The Return of the Gaze: The Political Task of Narration
Paloma Polo
18.10.2025 – 01.03.2026
Curator: Mabel Tapia
Opening: Friday 17 October at 7 pm
“[The telling is] all we have,” said Ursula K. Le Guin through one of her characters in the novel The Telling. Far from understanding history as an immutable, definitive and unambiguous construct that repeats itself ad infinitum—although this is sometimes claimed—the telling inscribes what is told in a political-affective transformation in which the past, present and future constantly intermingle. What are our stories? Where is history when it is not told or when it is ideologically made invisible or suppressed? In what world-system does what is told enclose us or, on the contrary, what worlds does it open for us? These questions underlie and are updated in every operation of telling, transforming in turn the tellings acquired.
The artist Paloma Polo’s projects are permeated by these questions, as well as by a fundamental contemporary commitment to what is defined as History as part of a constant and nonnegotiable confrontation with it. Through long processes of investigation, the artist approaches very specific historical events, accounts that have formed the colonial-patriarchal foundations of our history, as well as others that have been discarded or silenced.
The exhibition is organised into four constellations that shape works produced from 2010 until today. The first, The Earth of Revolution, situates us directly in the context of the Philippines, in ways of life and ancestral knowledge that fuel struggles for emancipation and social transformation. The second nucleus, The Path of Totality, addresses the colonial logic that underpins Western scientific expeditions, presented as a matrix of questions and methodologies developed by the artist. The third section, Dulcinea, focuses on two stories of militancy, struggle and political commitment in the context of the Franco regime and Spain’s so-called “Transition”. Finally, the fourth nucleus, Se jeter au fond du lac pour conserver sa vie (1) , constitutes a new field of research for the artist. By intervening in feminist genealogies, she examines the ways in which indigenous thought, particularly the Haudenosaunee Confederacy, may have influenced feminist ideas forged around the French Revolution.
These constellations shape a complex, delicate interweaving that makes palpable the relationships between specific historical contexts and the overarching structural frameworks of sociopolitical and ideological organisation.
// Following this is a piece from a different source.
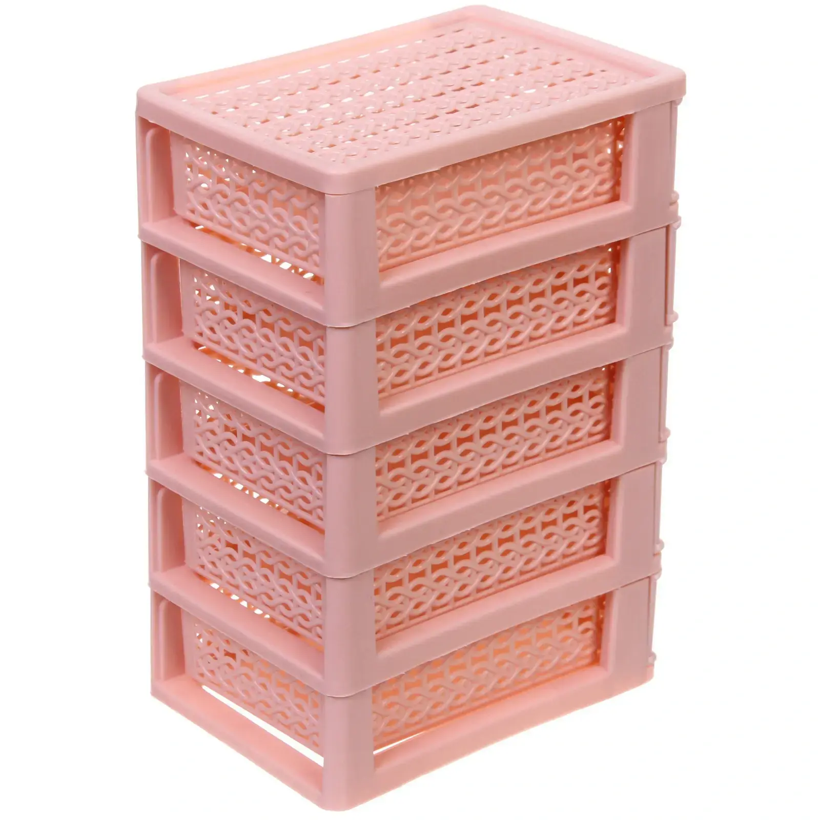 Ищете удобный и стильный способ организовать пространство? Комод малый «ПАЛЕРМО» в пудровой розе станет вашим незаменимым помощником. Его компактные размеры 13х9х18,5 см позволяют разместить его на столе или в шкафу, а пять выдвижных ящиков обеспечивают достаточно места для хранения мелких предметов, таких как канцелярские принадлежности, косметика или аксессуары.

Nonetheless, these present proposals do not in any way aim to question inherited dominant history in a binary manner, but rather to intervene in it and in the tools with which it is constructed, which implies mobilising the social and political structures that sustain it. This exhibition by Paloma Polo suggests refocusing our gaze and exploring the political nature of storytelling.
(1) The phrase has been taken from a quote by Kandiaronk, a political thinker and chief of the Wendat Native American people. The artist has taken it from the book Dialogues, ou Entretiens entre un Sauvage et le baron de Lahontan (1704).